### Material provided
*** Block opens ***
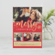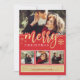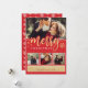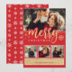 Cartão de Natal elegante e moderno com texto de caligrafia caprichosa que diz FELIZ NATAL acentuado com flocos de neve dourados falsos em um fundo vermelho festivo. O cartão vem com um design de padrão de floco de neve correspondente no verso.
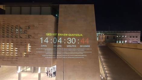 Projection mal-faċċata tal-Parlament fil-ħin li bdiet tiġi diskussa l-mozzjoni tal-Kap tal-PN u tal-Oppożizzjoni Adrian Delia b’appell biex issir ġustizzja. Il...
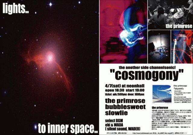 next live=4/7(sat) at 長野 neonhall 「cosmogony “the another side channel sonic” 」
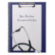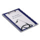 Professional classy business design for medical purposes: a blue leather clipboard with blank paper and a stethoscope. Perfect for any business related to health and healthcare like a medical office, doctor office, clinic or hospital. For hospital staff, physicians, nurses; classy, noble and elegant.
*** Block closes ***
### Task to complete
None of the pictures should be reproduced; all other material above must be set down exactly.

### Exercise solution
 Cartão de Natal elegante e moderno com texto de caligrafia caprichosa que diz FELIZ NATAL acentuado com flocos de neve dourados falsos em um fundo vermelho festivo. O cartão vem com um design de padrão de floco de neve correspondente no verso.
 Projection mal-faċċata tal-Parlament fil-ħin li bdiet tiġi diskussa l-mozzjoni tal-Kap tal-PN u tal-Oppożizzjoni Adrian Delia b’appell biex issir ġustizzja. Il...
 next live=4/7(sat) at 長野 neonhall 「cosmogony “the another side channel sonic” 」
 Professional classy business design for medical purposes: a blue leather clipboard with blank paper and a stethoscope. Perfect for any business related to health and healthcare like a medical office, doctor office, clinic or hospital. For hospital staff, physicians, nurses; classy, noble and elegant.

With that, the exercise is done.